**Work instruction:** Copying rule for the data below: pictures stay out, and only the lines from the one with "JOŠ MALO ISTEZANJA" down to the one with "上访学员安静祥和，警察没事", inclusive, are repeated exactly.

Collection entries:
● ● ● ● ● ● ●

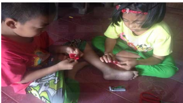
ที่มา: ปรีชา แสงอรุณ ถ่ายเมื่อวันที่ 26 กรกฎาคม 2564

ครอบครัวคนไทยเชื้อสายจีนเป็นสถานที่สอนให้สมาชิกในครอบครัวเข้าใจประเภทของ กระดาษไหว้และวิธีการใช้กระดาษไหว้ ดังที่ผู้มาซื้อกระดาษไหว้ให้สัมภาษณ์ว่า
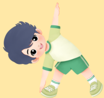
JOŠ MALO ISTEZANJA
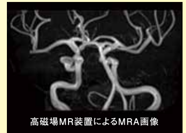
高磁場MR装置によるMRA画像

当クリニックでは1.5テスラの 高磁場MR機器 を導入しており、 高精度のMRA画像診断 が可能です。
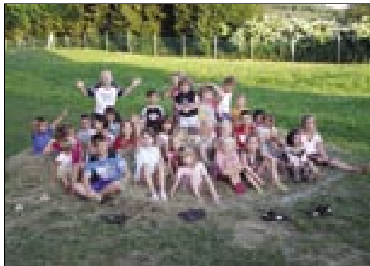
V Sakalovcih je veliko otrok

časa ostati. Tisti, ki se v lončarjenju niso hoteli preizkusiti, so se lahko lotili barvanja kamenčkov ali lova lesenih ribic iz banje. Programov pa ni bilo samo za otroke, organizatorji so pripravili igrivo tekmovanje tudi za starše
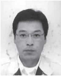
第5R第2Z ゾーンチェアパーソン

私自身の力量について、不安を持っておりますが、皆様のご支援を戴きながら努力をするつもりで有ります。1年間、宜しくお願い致します。
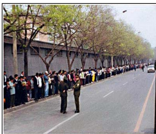
上访学员安静祥和，警察没事

法轮功学员们在街两边的人行道上安静祥和地排着队，边看书边等待着信访。后来，朱熔基总理亲自接见了学员代表，下令天津公安局放人，并重申了国家不会干涉群众炼功的政策。当晚10点左右，学员们悄然离去。整个过程，平静祥和，秩序井然。上万人离开后，地上没有留下一片纸屑，连警察扔在地上的烟头都拣得干干净净。
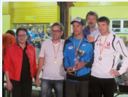
ULC Transfer St. Veit
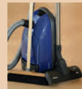
1. 干式清洁法 - 可使用软刷或吸尘器
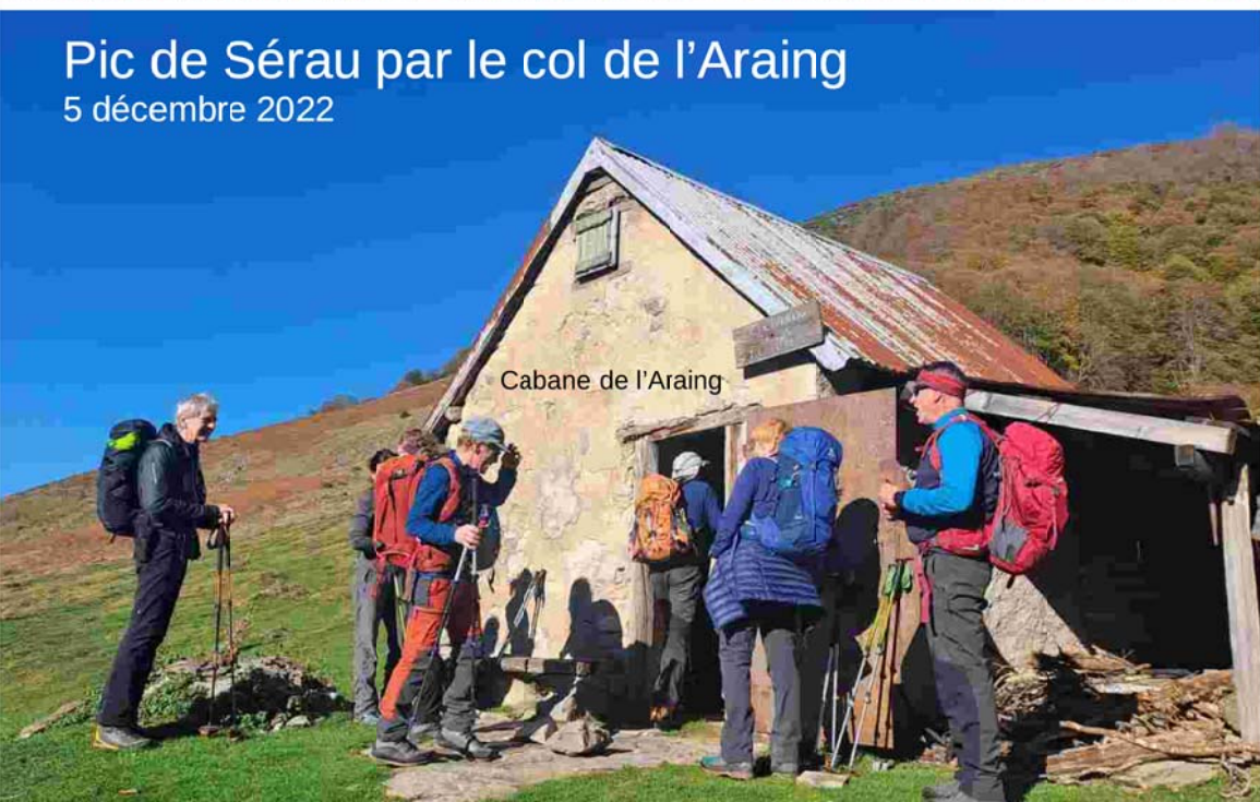
Pic de Sérau par le col de l'Araing 5 décembre 2022
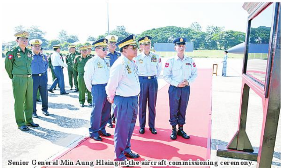
Senior General Min Aung Hlaing at the aircraft commissioning ceremony.

the Tatmadaw (Army) and the Tatmadaw (Navy) in conventional and non-conventional warfare as well as public welfare warfare for the sake of the people and urged them to continue their assigned duties with utmost efforts. The Tatmadaw (Air) needs to review improvement of air forces in regional and international countries on time and shape itself to be a compact and capable air force power and aerospace capability. It is necessary to exert efforts for fulfilling their needs and improve material and capability. The Tatmadaw (Air) See Page 14
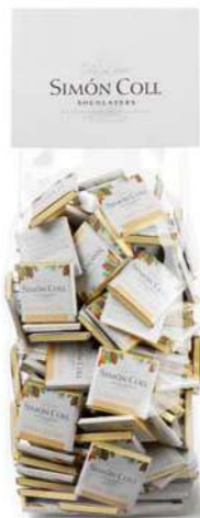
Napolitanas leche 5g B100 Ref: 8753
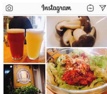
quemlin ビアバイシイ https://quemlin.com/detail/?id=307 東京都文京区千駄木にあるクラフトビアバ。一回はスタンドバー、二階はカフェスタイル。一人で気楽に、仲間とワイワイ、様々なスタイルでクラフトビールと美味しい食事が楽しめます。本シメジのピクルスが美味しかったです。日曜には限定のサンデーローストがあります。タバコのおいが強いでもちろん開店当初から禁煙。小さいお子様連れで来られる方も多いそう。 #ケムラン #文京区 #世界禁煙デー #禁煙週間 #ビアバイシイ #craftbeerbar

参加方法 ：instagram, twitter, Facebook（公開）で、ハッシュタグ #ケムラン #世界禁煙デー を付けて、 ケムラン対象店 （屋内完全禁煙&加熱式・電子たばこNGの飲食店）で撮影したお料理や店の外観・内観、従業員の方の写真をシェアして下さい。文京区のお店の場合は #文京区 もお忘れなく。厳正なる審査の上、「ケムラン賞」「文京区ケムラン賞」（QUOカード500円）を進呈いたします。
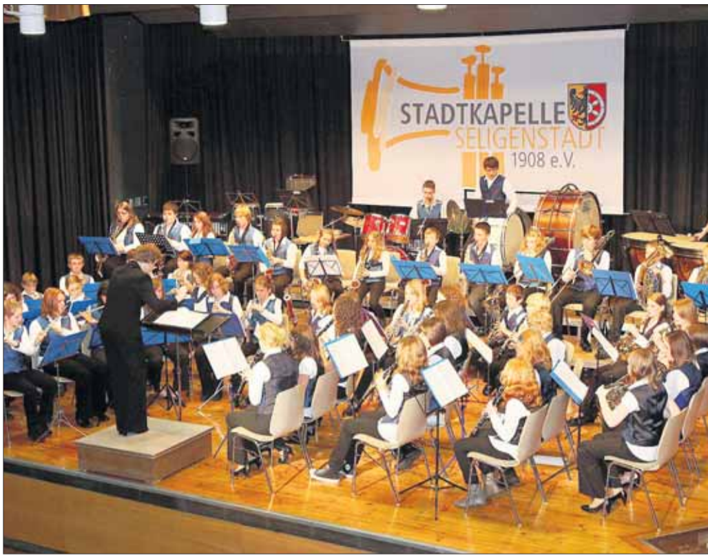
Begeisterungstürme folgten den exzellenten Darbietungen des Jugendblasorchesters der Stadtkapelle im ausverkauften Riesensaal.

Seligenstadt - Am 5. Juli wurde Dagmar B. Nonn-Adams von den Bürgern der Stadt Seligenstadt als Bürgermeisterin wiedergewählt. Die Amtseinführung erfolgt im Rahmen einer öffentlichen Sitzung der Stadtverordnetenversammlung am Montag, 14. Dezember, um 20 Uhr, im großen Saal des Riesens, Sackgasse 14.

● ● ● ● ● ● ●

**Response area:**
JOŠ MALO ISTEZANJA
高磁場MR装置によるMRA画像

当クリニックでは1.5テスラの 高磁場MR機器 を導入しており、 高精度のMRA画像診断 が可能です。
V Sakalovcih je veliko otrok

časa ostati. Tisti, ki se v lončarjenju niso hoteli preizkusiti, so se lahko lotili barvanja kamenčkov ali lova lesenih ribic iz banje. Programov pa ni bilo samo za otroke, organizatorji so pripravili igrivo tekmovanje tudi za starše
第5R第2Z ゾーンチェアパーソン

私自身の力量について、不安を持っておりますが、皆様のご支援を戴きながら努力をするつもりで有ります。1年間、宜しくお願い致します。
上访学员安静祥和，警察没事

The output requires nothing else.